Exxon Mobil Corp (XOM, Financial) experienced a daily loss of -1.58%, and a 3-month gain of 11.71%. With an Earnings Per Share (EPS) of 12.5, the question arises: Is the stock modestly overvalued? This article embarks on a valuation analysis journey to answer this question, providing a detailed examination of Exxon Mobil's intrinsic value.
Company Introduction
ExxonMobil is an integrated oil and gas company that explores for, produces, and refines oil around the world. In 2022, it produced 2.4 million barrels of liquids and 8.3 billion cubic feet of natural gas per day. With reserves of 17.7 billion barrels of oil equivalent, 65% of which were liquids, Exxon Mobil stands as the world's largest refiner with a total global refining capacity of 4.6 million barrels of oil per day. Additionally, it is one of the world's largest manufacturers of commodity and specialty chemicals.

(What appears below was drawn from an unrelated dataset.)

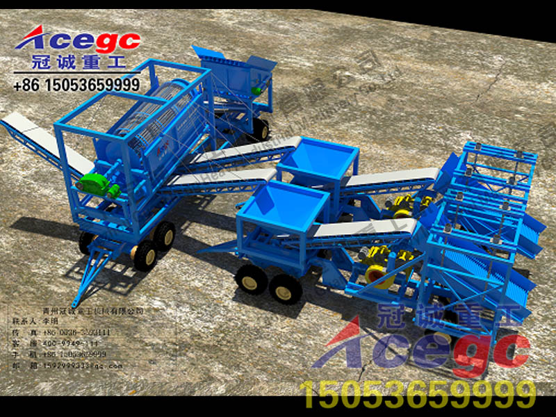 選沙金礦機械設(shè)備-每日每小時200噸處理量組合式風(fēng)選移動淘金車方案

With a stock price of $117.58 per share and a market cap of $468.70 billion, Exxon Mobil's valuation compared to its GF Value of $103.38 suggests that the stock is modestly overvalued. This comparison provides a foundation for a deeper exploration of the company's value, ingeniously integrating financial assessment with essential company details.
Understanding the GF Value
The GF Value represents the current intrinsic value of a stock, derived from our exclusive method. This method is based on historical multiples (PE Ratio, PS Ratio, PB Ratio and Price-to-Free-Cash-Flow) that the stock has traded at, a GuruFocus adjustment factor based on the company's past returns and growth, and future estimates of business performance.
The GF Value Line on our summary page provides an overview of the fair value that the stock should ideally trade at. If the stock price is significantly above the GF Value Line, it is overvalued, and its future return is likely to be poor. Conversely, if it is significantly below the GF Value Line, its future return will likely be higher.
Exxon Mobil (XOM, Financial) stock is estimated to be modestly overvalued based on the GuruFocus Value calculation. This suggests that the long-term return of its stock is likely to be lower than its business growth.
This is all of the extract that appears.